(Saved entries)
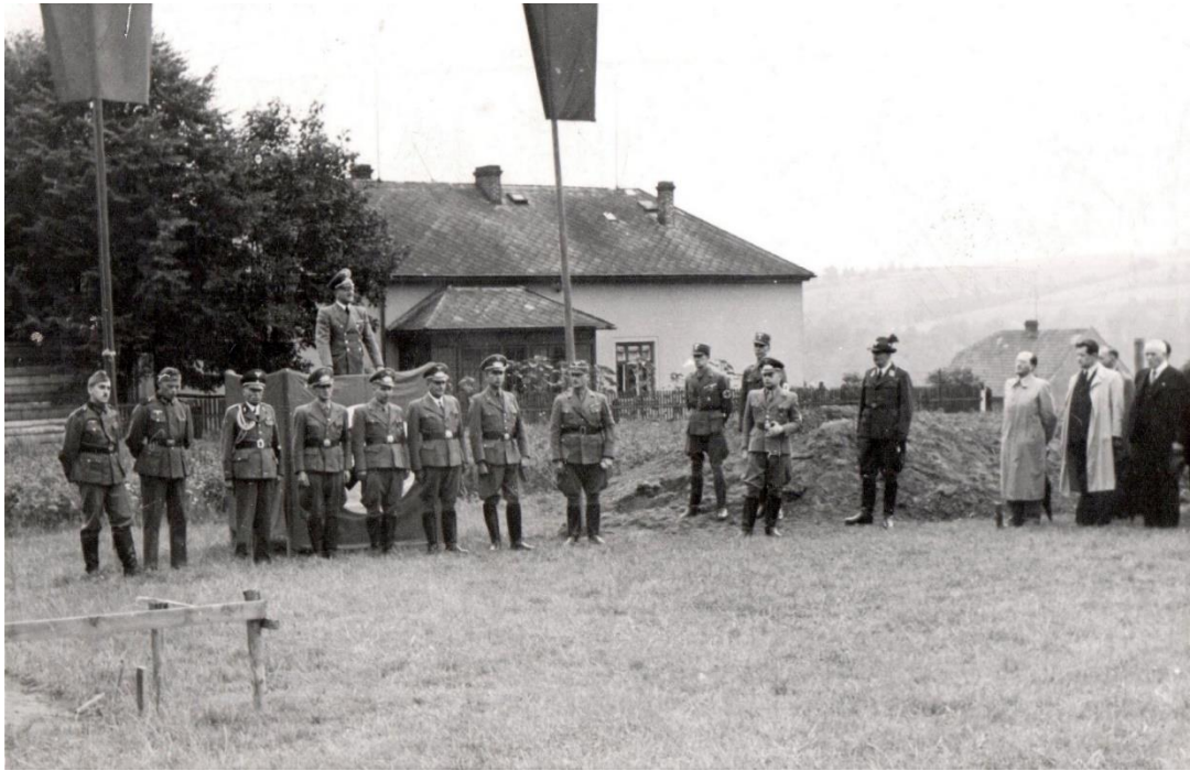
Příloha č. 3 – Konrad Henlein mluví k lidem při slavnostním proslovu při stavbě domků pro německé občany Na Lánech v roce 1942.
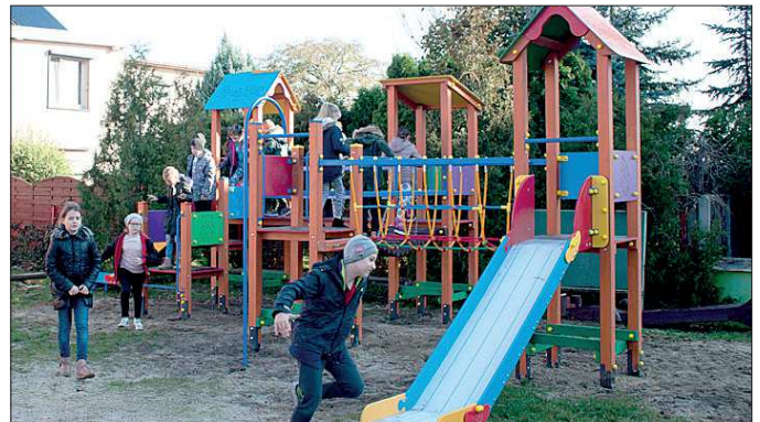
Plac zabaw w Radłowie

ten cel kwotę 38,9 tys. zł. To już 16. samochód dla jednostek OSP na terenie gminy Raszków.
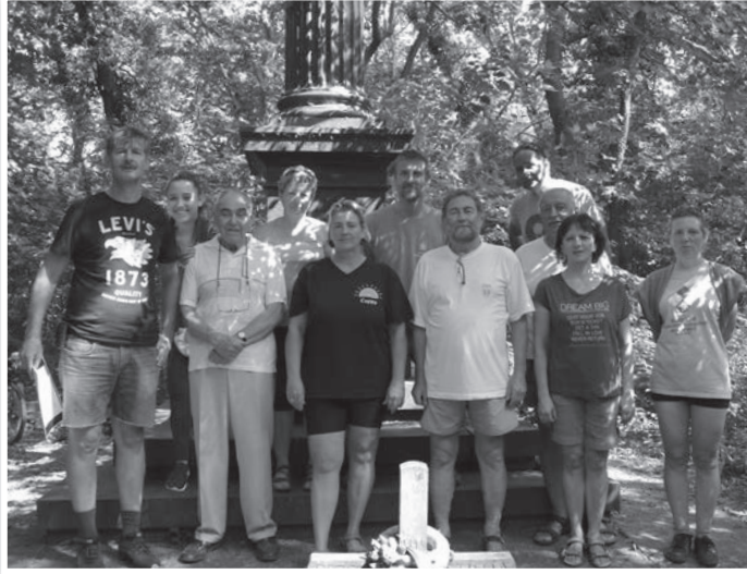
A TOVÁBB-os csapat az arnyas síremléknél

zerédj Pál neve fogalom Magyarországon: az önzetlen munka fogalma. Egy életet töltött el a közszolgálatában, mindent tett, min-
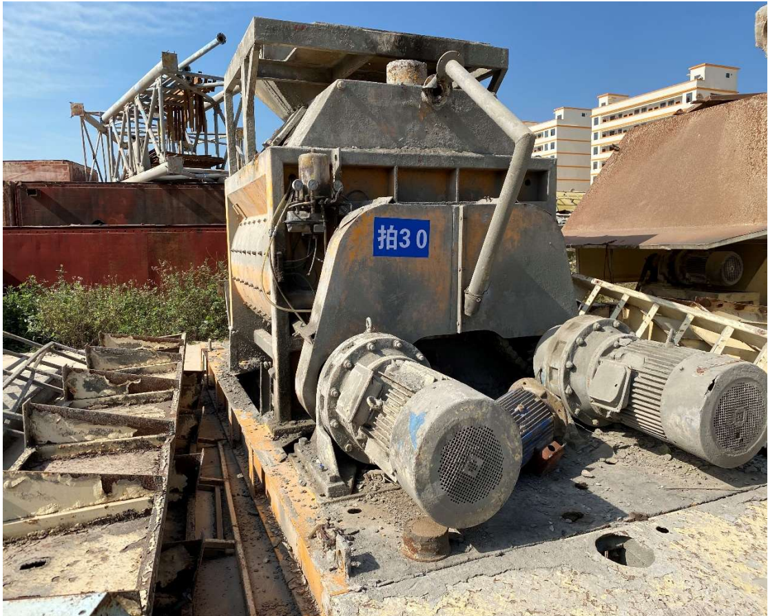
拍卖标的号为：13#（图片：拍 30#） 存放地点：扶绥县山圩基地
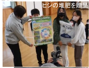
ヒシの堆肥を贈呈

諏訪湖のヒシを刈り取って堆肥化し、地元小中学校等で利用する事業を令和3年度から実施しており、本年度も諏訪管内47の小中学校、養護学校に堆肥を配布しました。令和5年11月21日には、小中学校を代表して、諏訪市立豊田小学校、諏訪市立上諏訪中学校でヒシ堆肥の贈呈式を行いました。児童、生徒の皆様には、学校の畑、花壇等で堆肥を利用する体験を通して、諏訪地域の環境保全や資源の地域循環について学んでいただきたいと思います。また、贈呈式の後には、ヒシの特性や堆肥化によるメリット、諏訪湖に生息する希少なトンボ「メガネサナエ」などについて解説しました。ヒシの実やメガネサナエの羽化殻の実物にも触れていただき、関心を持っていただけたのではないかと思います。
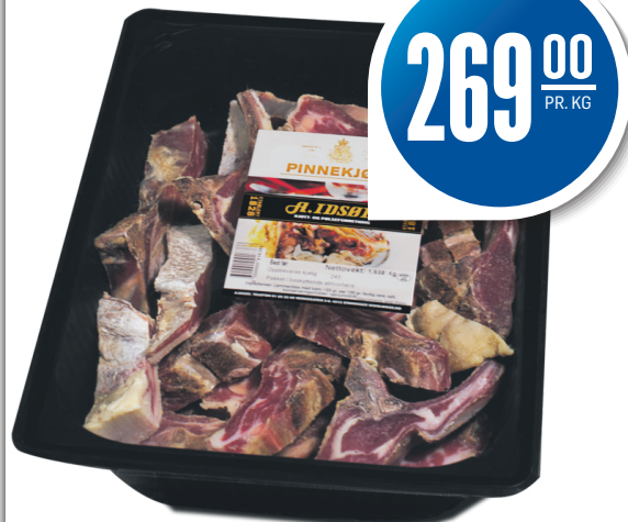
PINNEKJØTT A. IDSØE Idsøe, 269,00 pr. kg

Task statement | Beginning with the line that contains "諏訪湖のヒシを刈り取って堆肥", write out every line through the last one in the records, exactly and without pictures.

Final answer |
諏訪湖のヒシを刈り取って堆肥化し、地元小中学校等で利用する事業を令和3年度から実施しており、本年度も諏訪管内47の小中学校、養護学校に堆肥を配布しました。令和5年11月21日には、小中学校を代表して、諏訪市立豊田小学校、諏訪市立上諏訪中学校でヒシ堆肥の贈呈式を行いました。児童、生徒の皆様には、学校の畑、花壇等で堆肥を利用する体験を通して、諏訪地域の環境保全や資源の地域循環について学んでいただきたいと思います。また、贈呈式の後には、ヒシの特性や堆肥化によるメリット、諏訪湖に生息する希少なトンボ「メガネサナエ」などについて解説しました。ヒシの実やメガネサナエの羽化殻の実物にも触れていただき、関心を持っていただけたのではないかと思います。
PINNEKJØTT A. IDSØE Idsøe, 269,00 pr. kg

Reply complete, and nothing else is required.